Findings from the phase 2 NADIM trial reinforced the rationale for using neoadjuvant chemoimmunotherapy to treat patients with stage IIIA resectable non–small cell lung cancer based on differences between pathologic complete responders and non–pathologic complete responders
Differences in upregulated antigen processing, T-cell receptor coexpression and lymphocyte infiltration pathways in pathologic complete responses (pCRs) vs non–pCRs with stage IIIA resectable non–small cell lung cancer support the use of a platinum-based chemotherapy and anti–PD-1 regimen, according to data from the phase 2 NADIM trial (NCT03838159) that was presented at the 2022 World Conference on Lung Cancer.1
When assessing differences in the immune landscape between the 2 arms, investigators reported that up to 22 genes were upregulated in the non-pCR cohort, the majority of which were related to proliferation, including ISG15 and TNFRSF18. An upregulation in pathways related to antigen processing, T-cell receptor coexpression and lymphocyte infiltration, in particular, were observed in the pCR arm, while the non-PCR group demonstrated an upregulation in proliferation, tumor marker, and interferon signaling, which could be attributed to visible tumor cells in surgical specimens.
“The upregulated pathways in surgical samples of [pCR] patients suggests that an effective immune response to PD-1 blockade was [observed],” Marta Casarrubios, MSc, a translational researcher at Hospital Universitario Puerta De Hierro Majadahonda, said during a presentation on the findings. “Additionally, we have identified an immune expression signature in surgical specimens associated with disease progression for non-[pCR] patients which could help in the follow-up and therapeutic management of these high-risk patients.”
Results from the study were previously published in Lancet Oncology,2 indicating that patients treated with neoadjuvant chemoimmunotherapy achieved a 2-year overall survival (OS) and progression-free survival (PFS) rate of 90% and 77%, respectively. Moreover, a pCR was noted in 63% pf the population.
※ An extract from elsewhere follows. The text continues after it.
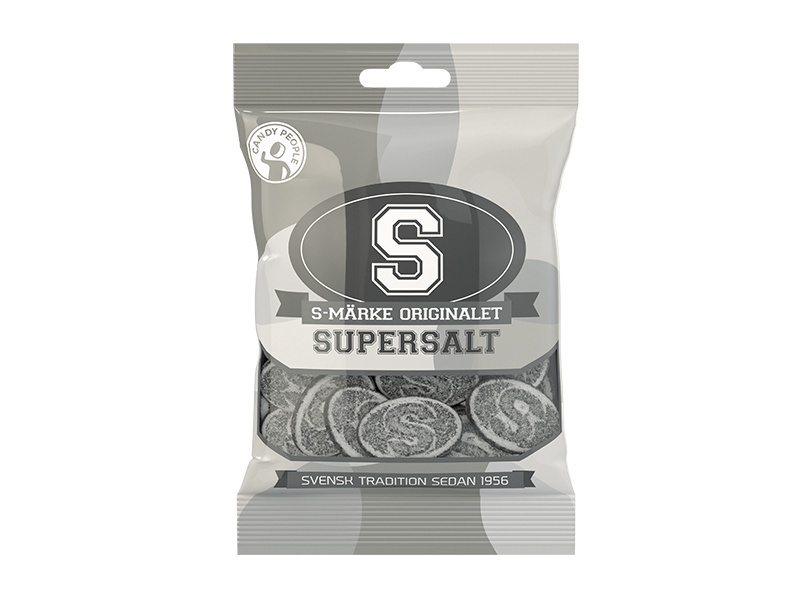 Taste the power of S-märke Supersalt – a Swedish candy tradition since 1956. These chewy licorice pieces are packed with an extra salty punch, designed for those who crave strong, authentic Scandinavian licorice.

Given that those with a non-pCR are at a higher risk of progression compared with those who have had a pCR, investigators set out to identify gene expression patterns that could affect the non-pCR group.
Using samples from the NADIM trial, investigators identified 36 patients who underwent surgery who were stratified based on pCR (0% cells) or non-pCR (10% of cells or less or over 10% of cells). An RNA sequencing analysis was performed on 395 immune-related genes to determine differences in differentially-expressed genes, differentially-expressed molecular pathways and the immune cell populations estimation between cohorts.
In the non-pCR group, patients were categorized as progressors (n = 5) and non-progressors (n = 9); this was dependent on whether patients demonstrated evidence of disease progression at 34.2 months after diagnosis. A total of 10 genes were identified as differentially upregulated within the non-pCR cohort, including tumor markers, as well as type I interferon and in interferon signaling. Between the progressive and non-progressive arms, no differences were observed in terms of differential-expressed pathways or immune cell subtypes.
Moreover, findings from a survival analysis identified an association between higher levels of ATK1 among samples from non-PCR patients, as well as an increased risk of progression or death. Those in the progression and non-progression groups did not demonstrate any differences in terms of estimated cell proportion, although patients in the non-pCR cohort had an increased association with higher neutrophils and lower OS and PFS.